你们,你们竟然把门给打坏了,你你们……唉,这下都死定了。”老人或许是真被白静雪给安抚了,终于说话,不过那话中带着深深的绝望。而那个老妇人也抱住小女孩,轻轻哭泣着。
古衍天眉心深深皱起来,更加不耐,不禁上前一步。
流水适时抓住他的手臂,示意他不要说话。
古衍天挑挑眉,回头看着她,似笑非笑,好似在进行谈判。流水白了他一眼,随后走到白静雪旁边,进来压低声音,让声音听起来更加柔和友好,“老人家为何这么说,你们这里,是否有什么难处,或许我们也可以帮忙。”
虽然她不是多管闲事的人,不过在雪山住了这些年,心性也变化了不少,不再像以前一样尖锐,为人也平和了不少,再说这次是他们有错在先,若是闹起来还好,偏偏人家吓成这样,还是老弱妇孺,这种感觉,让她都脸面无关,极为愧疚,有种以多欺少还是欺负老人家恶霸般的感觉。
“你们……唉,你们还是赶快掉头走吧,越快越好。
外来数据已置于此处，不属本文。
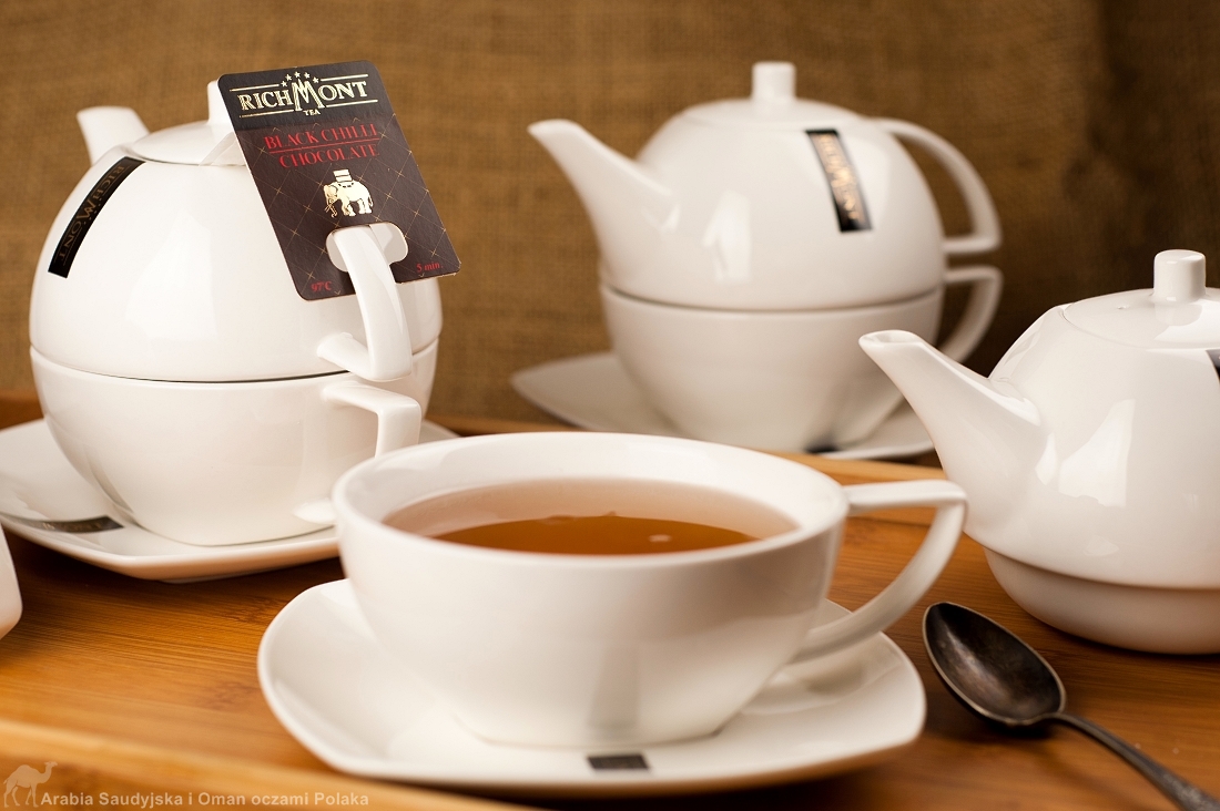 - herbaty i kawy - podobnie jak w przypadku słodyczy, także i tutaj wybór jest bardzo szeroki. Jednak w przypadku upominków staram się unikać marek dostępnych w popularnych marketach. Ogromnym uznaniem naszych znajomych i naszym cieszą się herbaty Richmont - zwłaszcza Earl Grey Blue i Black Chili Chocolate. W zależności od wielkości opakowania dostępne są w przedziale cenowym od 33 pln do 128 pln przy czym jedna saszetka zawiera 6 g herbaty czyli 3 razy więcej niż te, które zazwyczaj widzimy na sklepowych półkach. W tym samym sklepie można także dokupić porcelanowy dzbanek z filiżanką (w cenie 59 pln) oraz kawy, także w zestawach prezentowych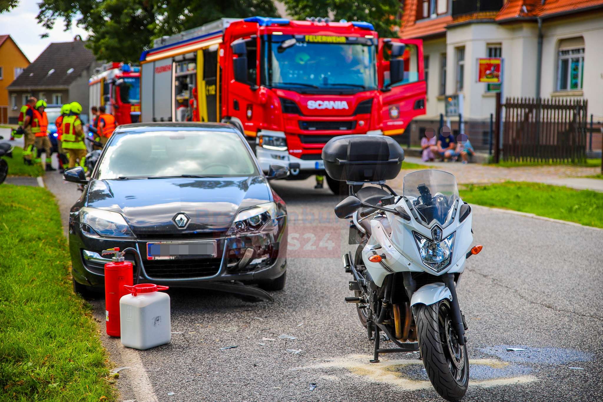 Kremmen – Am Sonntagmittag kam es gegen 13:25 Uhr auf der Ruppiner Straße in Kremmen zu einem Verkehrsunfall. Nach ersten Angaben der Polizei wollte ein Motorradfahrer vom Parkplatz nach rechts auf die Ruppiner Straße auffahren, als es zur Kollision mit einem Renault-Pkw kam.

”老人看着他们,最终化为深深的叹息,一脸认命的样子,也没有了先前的害怕,仿佛已经到了油尽灯枯的感觉,“不过,两位小姐,可否请你们帮个忙,把我这可怜的孙女一并带走吧。”
“这……”
“老人家,到底发生什么事情了,为什么你们都那么害怕,是有强盗还是劫匪?”仲言忍不住凑了过来,清澈的大眼睛中充满好奇。
只是那样无害的外表,无辜善意的语调,却让两位老人面容失色,惊恐万分,连旁边的桌椅都被碰倒,抱着小女孩惊恐的不断往后退,“啊……你,你你们不要过来,求求你们放过我们吧,我儿女的性命已经被要去了,还要赶尽杀绝么。”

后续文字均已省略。